The Mobius source was a customized G1R2 laser that was used to produce a comb spectrum of user-selectable visible wavelengths with approximately 1 ns pulse duration and a 20 MHz repetition rate. The wavelength selectivity allowed researchers to tailor the output for GFP, but could also accommodate markers requiring other wavelengths.

The researchers experimented with a variety of lasers; as noted by Mobius Vice President of Technology Manuel Leonardo, the G1R2 laser produced the smallest pixel size of the lasers tested.

Added Leonardo, "Building on our experience in super-resolution microscopy, Mobius has recently developed a new prototype laser that offers similar capabilities to our G1R2, but from an easier-to-use, longer life system. Called 'Rainbow,' the current prototype generates five discrete wavelengths. Our aim is that future Rainbow systems could produce up to seven wavelengths between 557 and 651 nm."

The prototype’s output can be at 557 nm, 571 nm, 585 nm, 600 nm, or 616 nm. The output is switchable between the individual wavelengths and has pulse energies ranging from 25 to over 50 nJ per pulse, depending on the wavelength. The result is a laser system designed to allow high-resolution image generation with fast acquisition times.

For more information, visit www.mobiusphotonics.com

REFERENCE:

1. Brian R. Rankin et al., Biophysical Journal, L63-L65 (2011) doi:10.1016/j.bpj.2011.05.020

About the Author

John Wallace | Senior Technical Editor (1998-2022)

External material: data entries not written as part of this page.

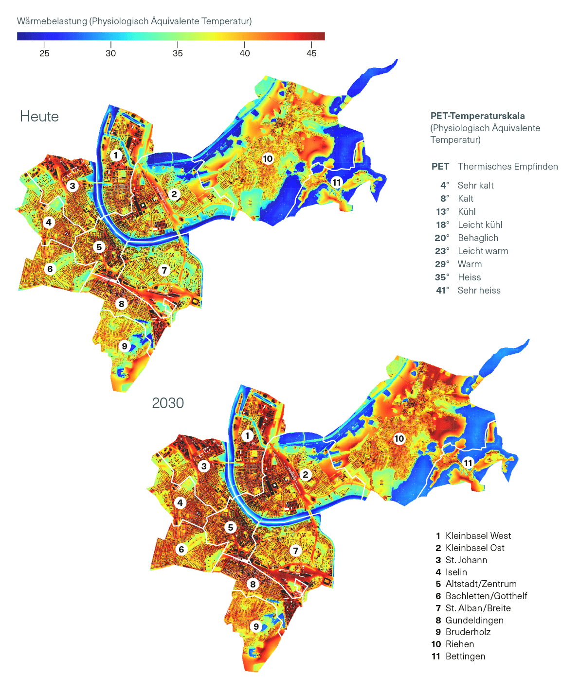 Viele Vorzüge machen Basel als Wohnort attraktiv. Dennoch ist es heute schon im Sommer in manchen Quartieren sehr heiss. Vor allem in der Altstadt, im St. Johann, im Gundeli und auch im Kleinbasel liegt an Sommertagen die gefühlte Temperatur zum Teil bei deutlich über 40 Grad. Gemäss einer Modellrechnung des Kantons werden sich wegen der Klimaerwärmung bis 2030 über 50 % des Stadtgebietes im Sommer auf über 40 Grad aufheizen. Angenehm ist es dann an einem typischen Sommertag nur noch am Rheinbord und in den Langen Erlen. Damit ergeben sich für Immobilieninvestoren zusätzliche Herausforderungen in Bezug auf die Schaffung von Grünflächen. Ob, wo und wann sich die Wärmebelastung auf die Mieten auswirken wird, bleibt abzuwarten.
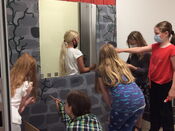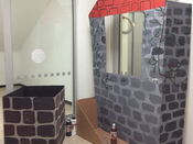 sie Schülerinnen der 4b bauen Kulissen für das Theaterstück „Frau Holle“. Dies wird auf der Abschlussfeier der 4. Klassen und auf der Einschulung aufgeführt.
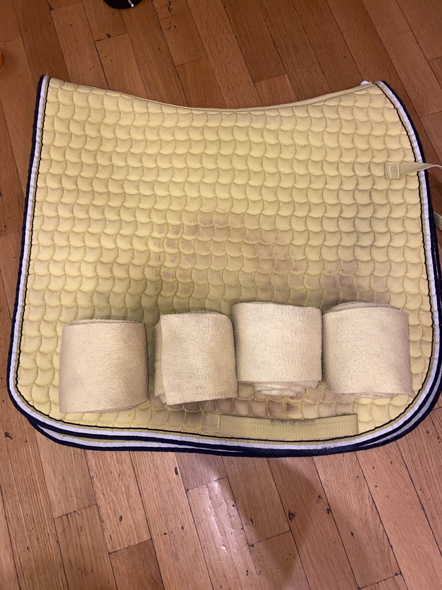 1) желтый выездковый вальтрап , в хорошем состоянии , Eskadron , возможна продажа с желтыми бинтами.
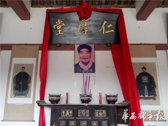 祭拜完先祖陵墓,周氏后人又来到周氏宗祠,准备拜谒祠堂。周氏宗祠的大堂,叫仁厚堂,供奉着周家始祖仁德公的画像,周必润老人给家族里的小辈们介绍,“仁德公生于明末清初,是四川周姓一脉的先祖……”
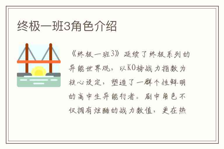 《终极一班3》延续了终极系列的异能世界观,以KO榜战力指数为核心设定,塑造了一群个性鲜明的高中生异能行者。剧中角色不仅拥有炫酷的战力数值,更在热血对抗与情感纠葛中展现出青春群像的多面性。以下从核心人物、KO榜强者及关键配角三个维度解析角色魅力:
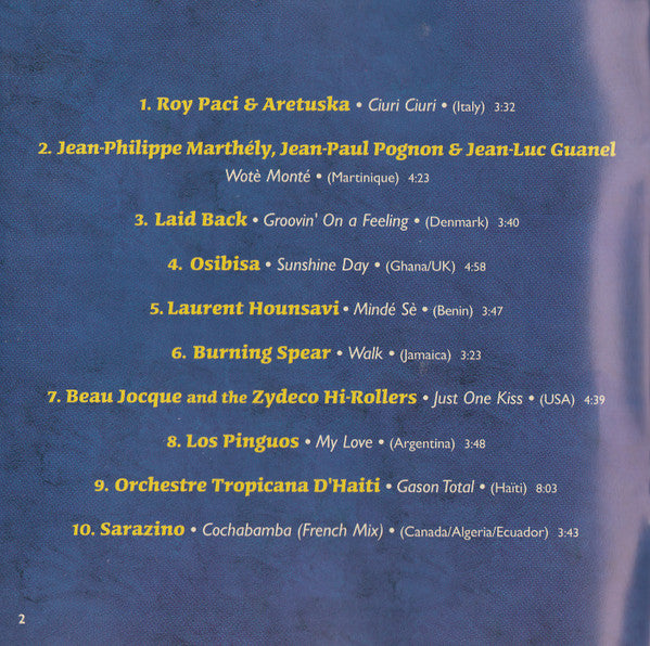 Featuring zouk, salsa, ska, compas, reggae, zydeco and more, this feel-good collection is guaranteed to enliven any party! Liner notes in English, Español and Français. This compilation ℗&©2007 Putumayo World Music. Issued in a digipak with an attached 28-page booklet.

John Wallace was with Laser Focus World for nearly 25 years, retiring in late June 2022. He obtained a bachelor's degree in mechanical engineering and physics at Rutgers University and a master's in optical engineering at the University of Rochester. Before becoming an editor, John worked as an engineer at RCA, Exxon, Eastman Kodak, and GCA Corporation.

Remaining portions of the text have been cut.